Löschung Sicherungshypothek bei Rückschlagsperre gem. § 88 InsO

  • Wenn der Gläubiger - warum auch immer - Inhaber der ZSH bleibt, was kann das nach RSB-Erteilung noch bewirken? Ich versteh das (bisher) so, dass nach Erteilung der RSB keine Rechte aus der zugrunde liegenden Forderung (ist hier ein not. Schuldanerkenntnis) mehr hergeleitet werden können. Wenn das so sein sollte, besteht für die ZSH "kein Rechtschutzinteresse" mehr - es gibt keinen durchsetzbaren Anspruch mehr, der mit dem Rang der ZSH realisiert werden kann. Dann wohl kein GB-Berichtigungsanspruch - weil halt nichts falsch geworden ist, sondern ....

  • Die Forderung des Gläubigers ist eigentlich nicht mehr durchsetzbar. Eine Ausnahme stellt aber § 301 Abs. 2 Satz 1 InsO dar. Danach darf aus bestehenden Sicherungsrechten wie Grundschulden, Hypotheken (auch Zwangshypotheken) noch in den verpfändeten Gegenstand, also das Grundstück vollstreckt werden. Genauso dürfte ein Bürge noch in Anspruch genommen werden. Es besteht nur eine Einrede gegen die Geltendmachung der Forderung, nicht aber gegen die Geltendmachung des Pfandrechts.

    Vergleichbar ist das wohl mit einem Fall in dem ein Schuldner eine Einrede gegen die Forderung gegenüber dem Gläubiger hat, der Grundstückseigentümer aber keine Einrede gegen das Pfandrecht erheben kann (z. B. gutgläubiger einredefreier Erwerb). Dann kann der Gläubiger auch die Zwangsversteigerung betreiben, aber keine neue Zwangsvollstreckung gegen den Schuldner betreiben. Dass Schuldner und Eigentümer zusammenfallen ändert nichts.

    Einen Ausgleichsanspruch nach § 1143 Abs. 1 oder § 774 Abs. 1 BGB schließt § 301 Abs. 2 Satz 2 InsO aus.

    „Gebildet ist, wer weiß, wo er findet, was er nicht weiß.“ (Georg Simmel)

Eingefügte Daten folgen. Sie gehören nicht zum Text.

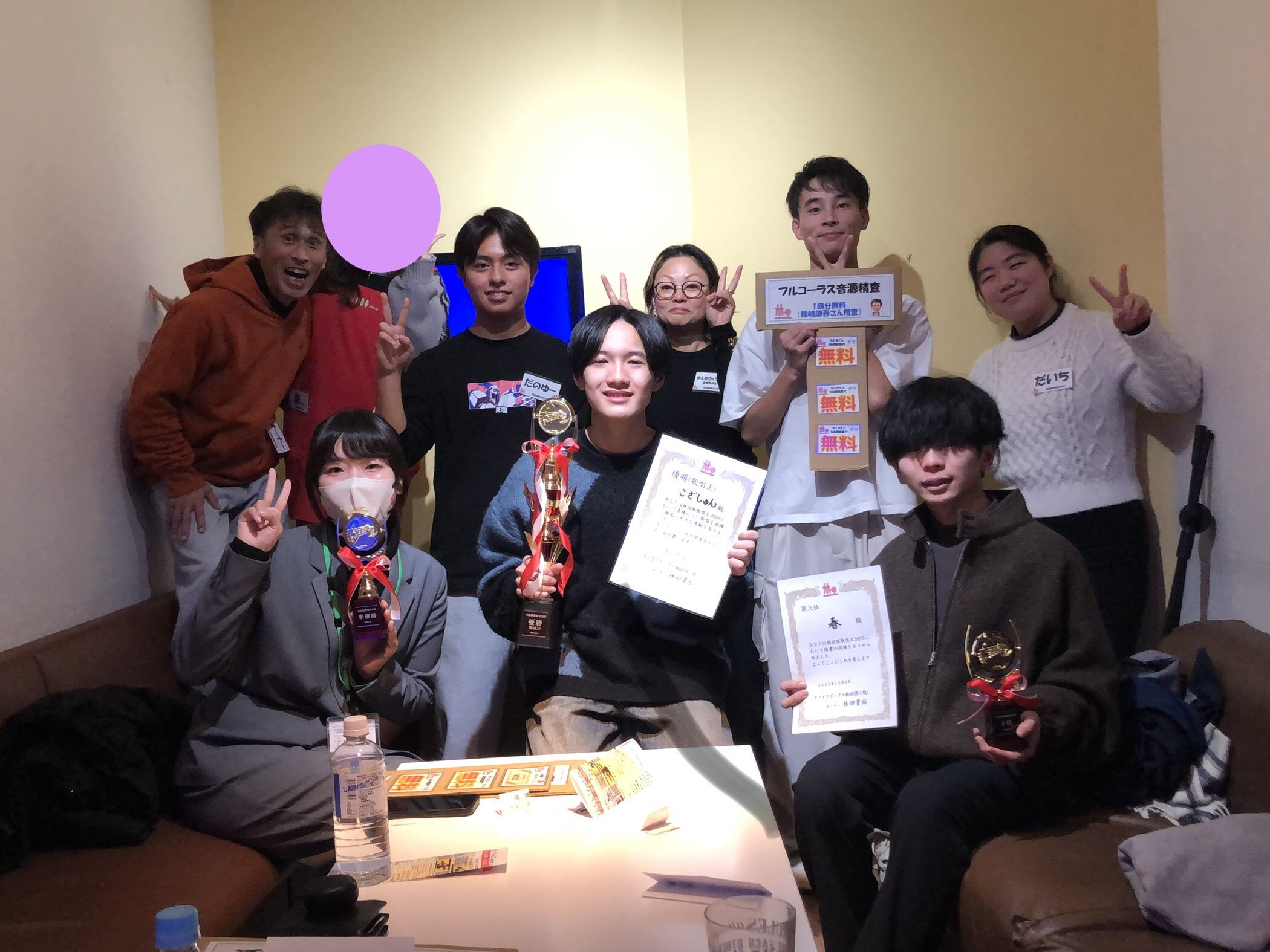 こざしゅんくんが歌唱王(優勝)!熊大文化祭(紫熊祭)のカラオケ大会優勝の実力を遺憾なく発揮され、念願の歌唱王を獲得!また「林田賞」も合せて受賞!おめでとうございます!

  • Nach #34 wurde das mit der Zwangshypothek belastete Erbbaurecht inzwischen vom Insolvenzverwalter freigegeben, sodass die infolge Rückschlagsperre suspendierte Zwangshypothek hierdurch wieder aufgelebt ist.

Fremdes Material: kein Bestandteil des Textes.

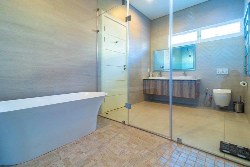 Three massive balconies, matching the size of the ground floor patio, invite you to savor the stunning views and create unforgettable memories. Antibacterial seats add a touch of refinement and hygiene, ensuring comfort at every turn. Additionally, three solar geysers contribute to the home's energy efficiency.

    Wenn das Erbbaurecht nicht mehr zur Insolvenzmasse gehört, spielt dann die Frage nach einer etwaigen Absonderung überhaupt noch eine Rolle?

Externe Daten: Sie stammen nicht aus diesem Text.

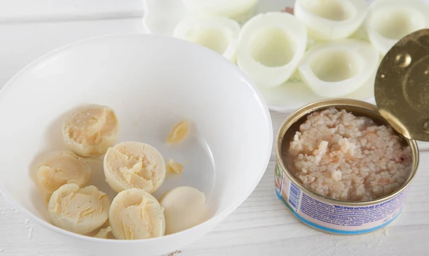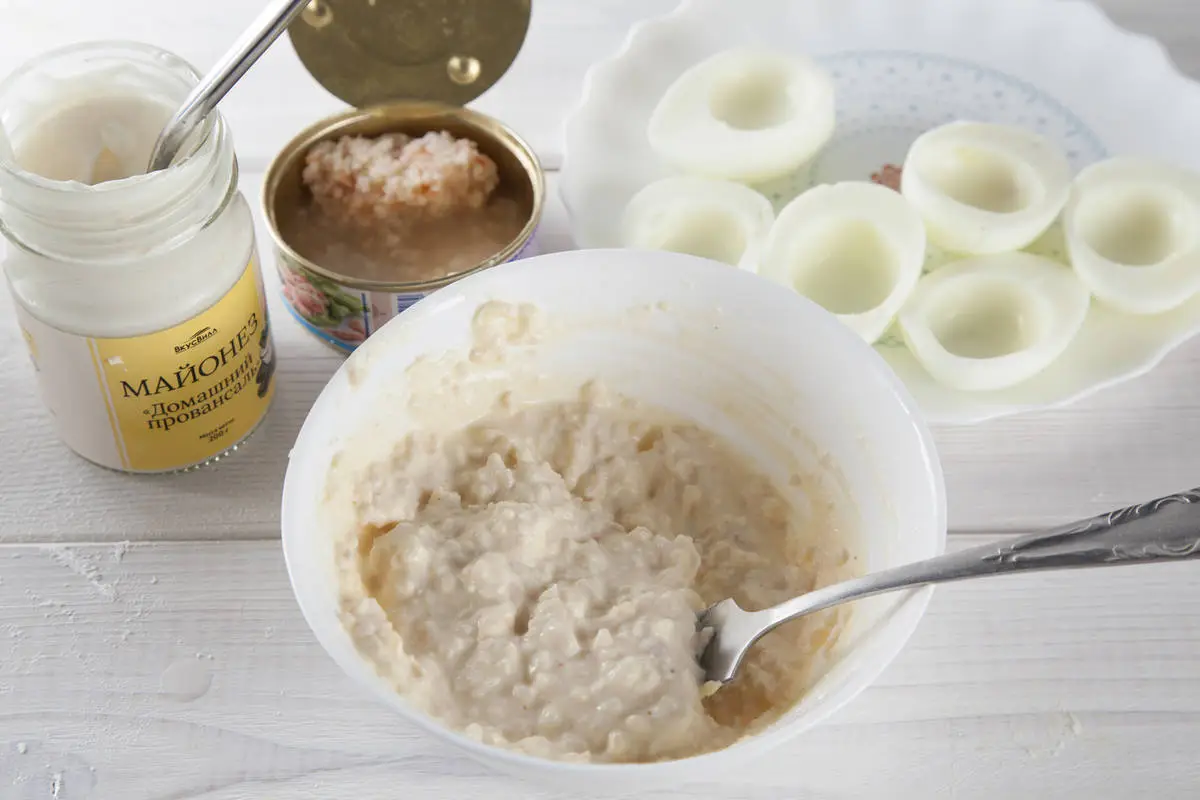 Вареные яйца очистите, разрежьте пополам и выньте желтки. Желтки разотрите вилкой с майонезом.

  • Wenn das Erbbaurecht nicht mehr zur Insolvenzmasse gehört, spielt dann die Frage nach einer etwaigen Absonderung überhaupt noch eine Rolle?


    Ich denke, es spielt in sofern eine Rolle, als dass eine "absonderungsberechtigte Forderung" nicht an der Restschuldbefreiung teilnimmt. Ist also die mit der Hypothek - wieder - gesicherte Forderung nach wie vor absonderungsberechtigt, erstreckt sich die RSB nicht darauf. Wäre hingegen das Absonderungsrecht dadurch weggefallen, dass die Hypothek kurzzeitig mal nach § 88 InsO unwirksam war, würde die RSB auch diesbezüglich wirken.

    Ulf

    Alle Äußerungen hier sind als rein private Meinungsäußerung zu verstehen,
    sofern es bei den Beiträgen nicht ausdrücklich anders gekennzeichnet wird.

  • Zur Verwertung benötigt der Gläubiger (doch) einen Titel auf Duldung der ZV in das Erbbaurecht. Diesen Titel gibt es nicht. Gläubiger müsste doch jetzt zum Gericht laufen und einen Titel auf Duldung der ZV in das (freigegenebe) Erbbaurecht erwirken. Kann er den (noch) bekommen? Im Insovenzverfahren nicht und in der WHP nicht. Solange er das Verfahren läuft, kann der Insolvenzgläubiger (auch) nicht in das freigegebene Erbaurecht als den Neuerwerb vollstrecken. Vollstrecken kann er nur oder erst, wenn das Verfahren und die WHP abgelaufen sind und die RSB sich nicht auf diese Forderung erstrecken sollte. Dieser Fall ist vom "Standard" (und wohl auch dem BGH-Fall) etwas abweichend, weil bei Insolvenzeröffnung neben der eingetragenen ZSH noch kein Titel auf Duldung der ZV in das Erbbaurecht vorliegt. Wenn ein Titel auf Duldung der ZV vorliegt und das Erbbaurecht freigegeben wird, wird halt die Immobilie verwertet werden können - ob sofort oder erst nach dem Ende der WHP ist für mich noch recht unscharf - und die BGH-Entscheidung verstehe ich eher so, dass der Rang gewahrt wird und nicht, dass die gesicherte (Insolvenz-)Forderung während der Laufzeit des Verfahrens realisiert werden darf.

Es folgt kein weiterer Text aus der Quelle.